* What to work on:
The lines to return are those below that contain the word "بازه".

[Records from a data source]
++++++++

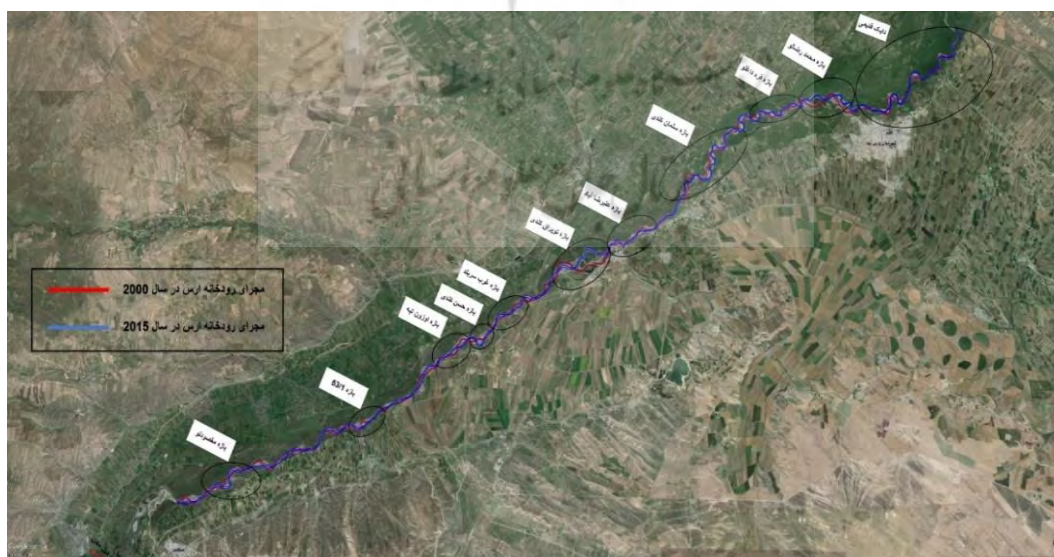
شکل ۴- موقعیت بازه‌های اصلاحی مسیر رودخانه ارس

اصلاح و ساماندهی مسیر رودخانه ارس در منطقه مورد مطالعه (از اصلاندوز تا پارس‌آباد) در ۱۱ بازه مختلف توسط شرکت آب منطقه‌ای استان اردبیل صورت گرفته است. این اقدامات در بازه‌هایی با نام‌های: دایک قدیمی، بازه محمد رضالو، بازه قره داغلو، بازه سلمان کندی، بازه علیرضا آباد، بازه توپراق کندی، بازه غرب سریند، بازه حاج حسن کندی، بازه اوزون تپه، بازه ۵۳/۱، بازه مقصودلو نقش بسیار مهمی در اصلاح مسیر رودخانه و جلوگیری از جابجایی‌های عرضی رودخانه ارس در طی سال‌های گذشته داشته است.
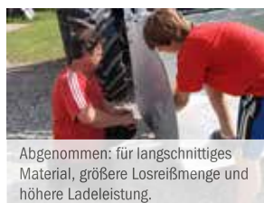
Abgenommen: für längsschnittiges Material, größere Losreifmenge und höhere Ladeleistung.
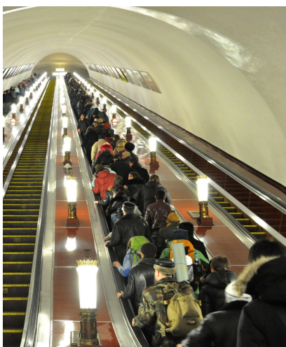
Tłok w metrze sprzyja złodziejom

Nie są wymagane żadne szczepienia obowiązkowe. Zalecane są szczepienia przeciwko żółtaczce typu A i B oraz tężcowi. Na wyjazd należy zabrać ze sobą podstawowe leki w małej ilości oraz wszelkie leki zapisane przez Państwa lekarza.
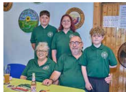
Familie Thomas ist schon lange im Verein tätig

len Gesprächen, Erinnerungen und guten Begegnungen aus. Ein herzlicher Dank gilt auch allen Inserenten und Spendern, die mit ihrer großzügigen Unterstützung die Erstellung der Festschrift ermöglicht und damit wesentlich zum Gelingen des Jubiläums beigetragen haben. Ihr Engagement ist ein wichtiges Zeichen der Verbundenheit mit dem Verein. Der Schützen-Club Erbach blickt stolz auf 70 Jahre Vereinsgeschichte zurück, die geprägt ist von Zusammenhalt, sportlicher Begeisterung und ehrenamtlichem Engagement und freut sich mit seinen Mitgliedern auf viele weitere erfolgreiche Jahre im Dienst der Gemeinschaft.
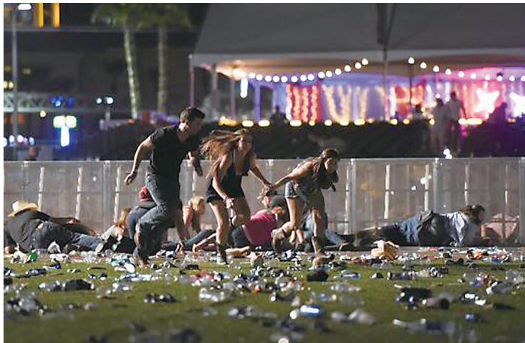
▲现场民众四散奔逃
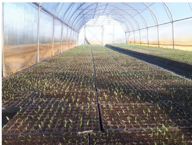
Slika 28. Presadnice u plasteniku

Nakon klijanja, presadnice se premještaju u dva plastenika od 120 m 2 i 50 m 2 gdje nastavljaju svoj daljnji rast i razvoj. Temperature se u plastenicima kreću od 22 – 25 °C tijekom dana i tako sve dok se ne presade na otvoreno polje. Zalijevanje biljaka se provodi svaka 3 dana do zasićenja supstrata vodom kada je biljka manja, a kada naraste i kada su visoke temperature u plasteniku tada se zalijeva i do 2 puta na dan.
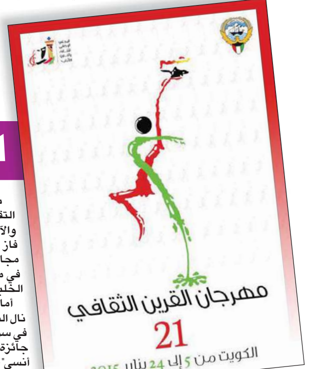
مهرجان القرين الثقافي 21 الكويت من 5 إلى 24 يناير 2015
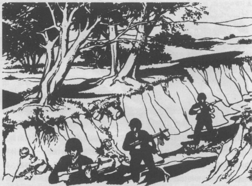
▲ 战场环境下，行军应该依托山沟、洼地等掩蔽环境行进，要做好战斗准备，以应对突发情况。

士兵要尽量避免出现在空旷地带、山顶和山脊上。若在被迫通过开阔地域时，遭到猛烈火力攻击，且无法继续推进，士兵应立刻实施近迫作业（即逼近敌人时在敌火力下构筑掩体的行动，通常在人员接敌运动中通过开阔地，受敌火威胁，需要做短暂停留时实施）。此时的作业姿势要低、动作要快，通常应采用低姿匍匐姿态，使用工兵铲并配合手脚（手推脚踏）在松软地面进行掩体挖掘。与此同时，士兵还要不断观察，随时准备战斗与前进。近迫作业必须在短时间内完成，一般训练有素的士兵能在五分钟内构筑一个单人掩体，八分钟内构筑一个机枪或火箭筒双人掩体。近迫作业一般采取人工作业，对于硬化土层，可使用专用掩体爆破器材。通常，士兵应先构筑卧射掩体，在需要时再加
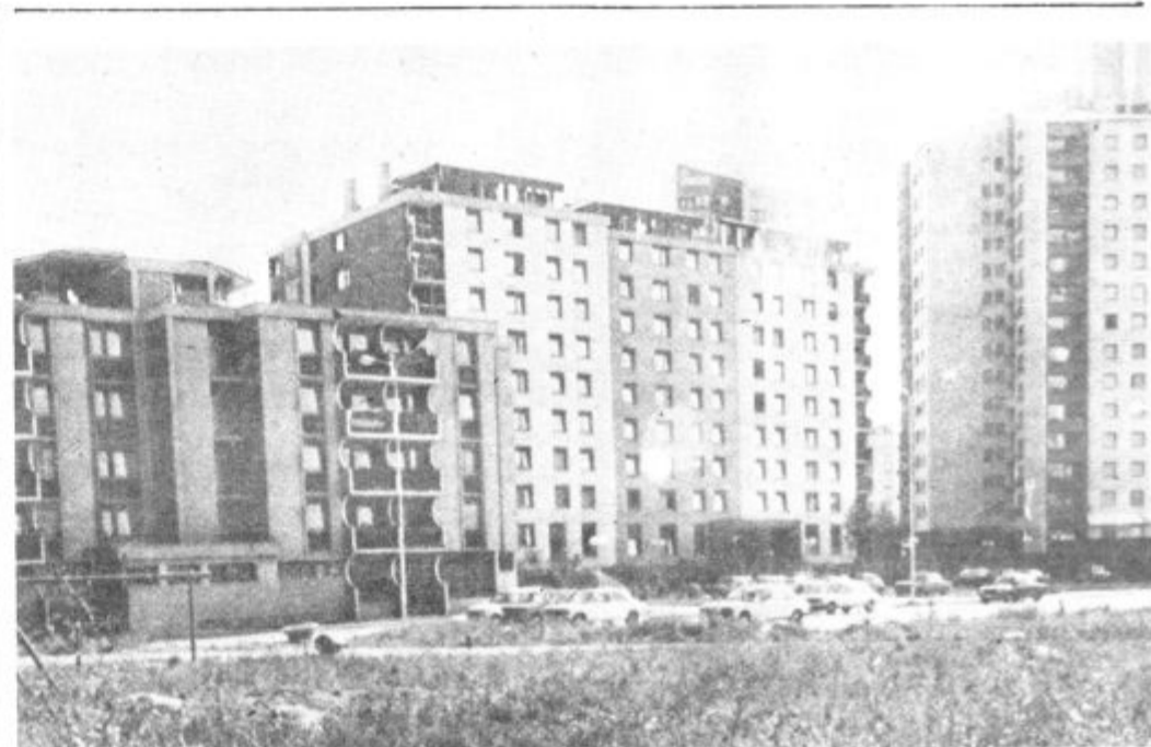
V krajevni skupnosti Edvarda Kardelja, ki naj bi bila urejeno urbanistično naselje, imajo veliko komunalnih težav.

ri odločali, da bodo svoje želene konjčke pustili čez zimo tukaj. S tem pa je prostora za domačine zmanjkalo. Tega pa je že itak malo, saj pripada enemu stanovanju le 0,6 parkirnega prostora. Na parkirniščih pa je tudi še vedno veliko avtomobilov, ki niso v voznem stanju. Krajanji so si dolgo prizadevali, da bi na teh parkirniščih vzpostavili red in med drugim dosegli, da so dobila status pripadajočih parkirnišč. To seveda pomeni, da imajo pravico na njih parkirati le stanovalci, ki določijo tudi red na teh parkirniščih. Seveda pa jim je za to vzpostavitev potrebna pomoč miličnikov in inšpektorjev. Te pa je bilo po mnenju krajanov mnogo premalo, zato tudi načrtovana akcija ni uspela. To seveda pomeni, da na parkirniščih v krajevni skupnosti Edvarda Kardelja še vedno ni reda. Srečujejo pa se še z eno veliko težavo. Pokrita parkirnišča so pogosto tarča nepridipravov. Zaradi tega je v krajevni skupnosti vse bolj pogosto slišati predloge, da bi parkirnišča zaščitili. Nekateri hišni sveti so se teh akcij lotili samostojno, vendar pa so to akcije zaustavili, saj mora biti izpeljana enotno in celovito. Dogovorili so se, da bodo o tej problematiki ponovno organizirali široko javno obravnavo in nato sprejeli usmeritve na skupščini krajevne skupnosti.
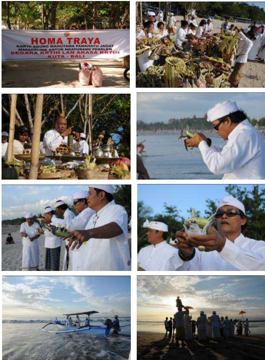
Gambar 3.5. Pemotretan Tahap II : Upacara

Memotret kegiatan upacara pelepasan penyu di pantai Kuta Bali, Dalam rangka Homa Traya “ Karya Agung Mahutama Pamahayu Jagat Mapakeling Antuk Ngaturang Pakelem “.
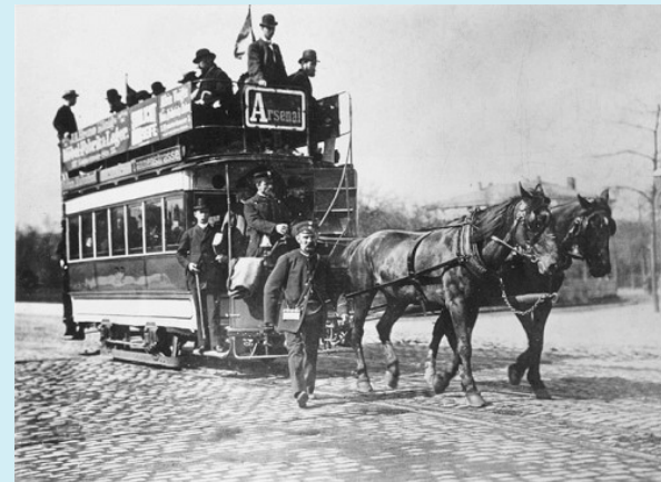
»Imperialwagen« der Pferdebahn in Dresden, ab 1872
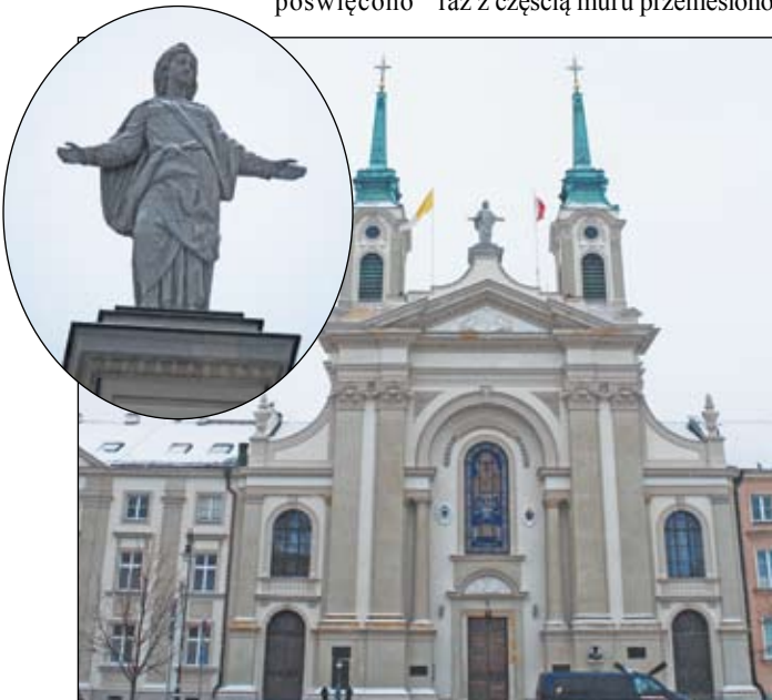
Kościół przy ul. Długiej. Pierwotnie należał do Pijarów i to tu był obraz Matki Bożej Łaskawej. Na zwieńczeniu widać figurę Matki Boskiej z podobnym układem rąk jak w obrazie.
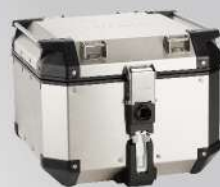
鋁後箱42L | NT$.16,000
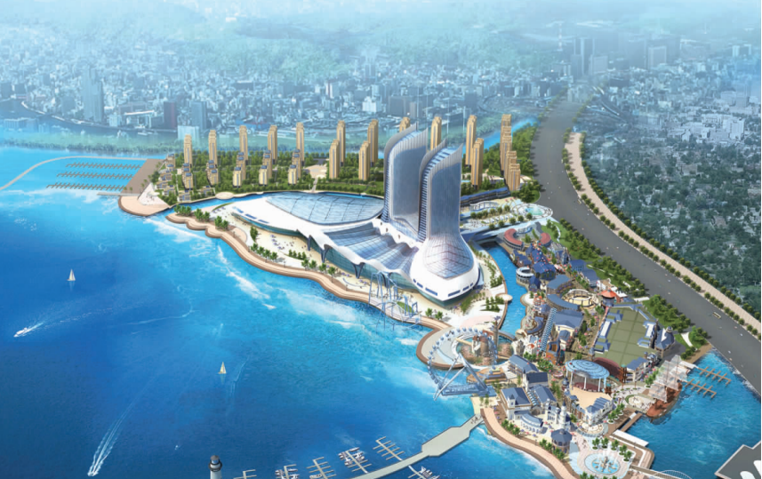
已开工建设的海上嘉年华项目是青岛开发区旅游业步入高端的代表
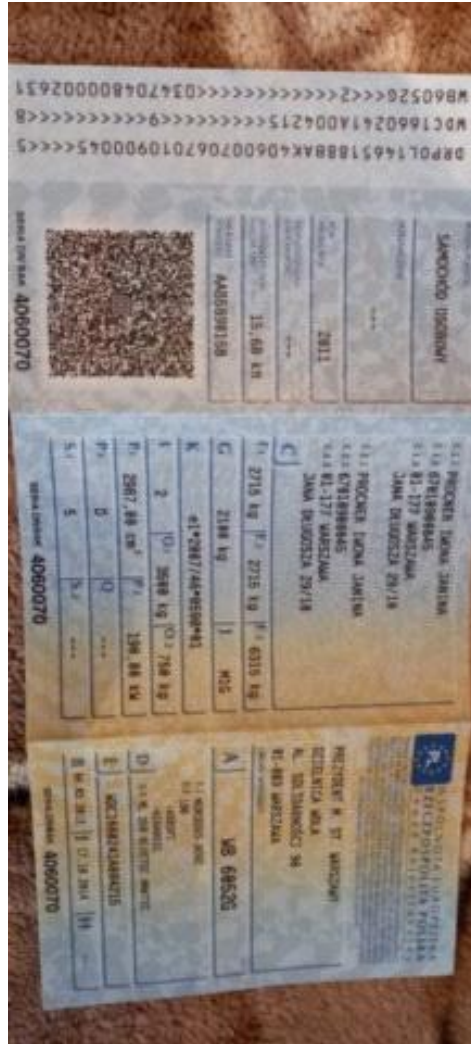
ML 350 (122)
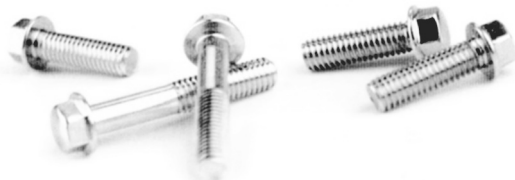
L35401 M6x12 szt. - 25 19 zł L35402 M6x16 szt. - 25 21 zł L35403 M6x20 szt. - 25 23 zł L35404 M6x25 szt. - 25 25 zł L35405 M6x30 szt. - 25 27 zł L35406 M6x35 szt. - 25 29 zł L35407 M6x40 szt. - 25 31 zł L35408 M6x45 szt. - 25 33 zł
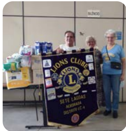
LC SETE LAGOAS ALVORADA

“Mãos que servem, são tão santas quanto aos lábios que rezam”
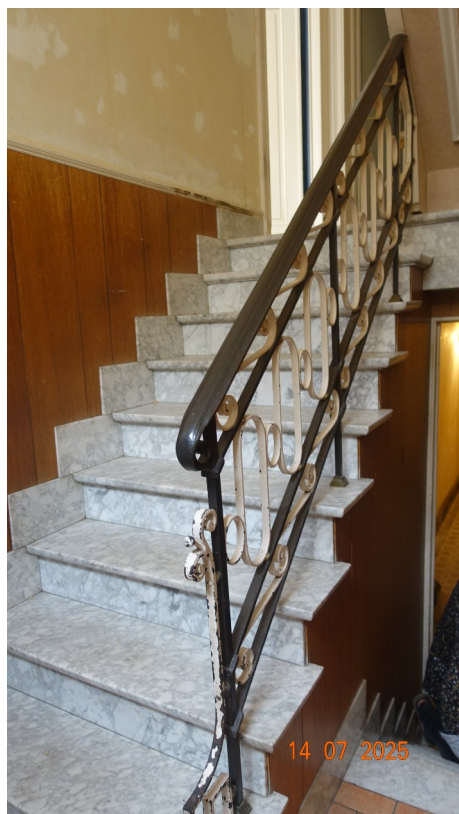
1. 1ère volée

Marbre : conservé Garde-corps : conservé Lambris : supprimé Carrelage terre cuite : supprimé
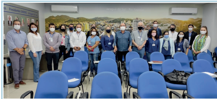
Figura 3: Evento de abertura de auditoria no SAMAE Jaraguá do Sul/SC.
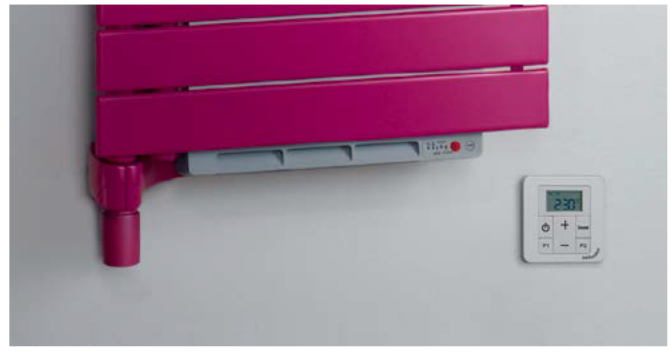
Elektrischer Heizlüfter mit Timerfunktion und Infrarot-Steuergerät
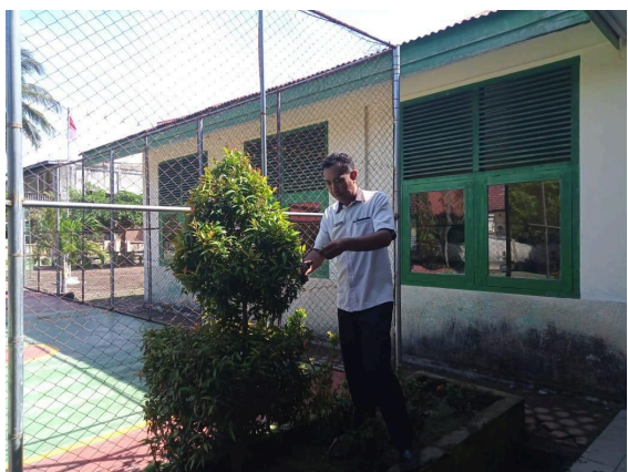
Gbr 2. Menjaga taman dan area hijau sekolah agar tetap terawat dan indah

++++++++

* Solution to this problem:
شکل ۴- موقعیت بازه‌های اصلاحی مسیر رودخانه ارس
اصلاح و ساماندهی مسیر رودخانه ارس در منطقه مورد مطالعه (از اصلاندوز تا پارس‌آباد) در ۱۱ بازه مختلف توسط شرکت آب منطقه‌ای استان اردبیل صورت گرفته است. این اقدامات در بازه‌هایی با نام‌های: دایک قدیمی، بازه محمد رضالو، بازه قره داغلو، بازه سلمان کندی، بازه علیرضا آباد، بازه توپراق کندی، بازه غرب سریند، بازه حاج حسن کندی، بازه اوزون تپه، بازه ۵۳/۱، بازه مقصودلو نقش بسیار مهمی در اصلاح مسیر رودخانه و جلوگیری از جابجایی‌های عرضی رودخانه ارس در طی سال‌های گذشته داشته است.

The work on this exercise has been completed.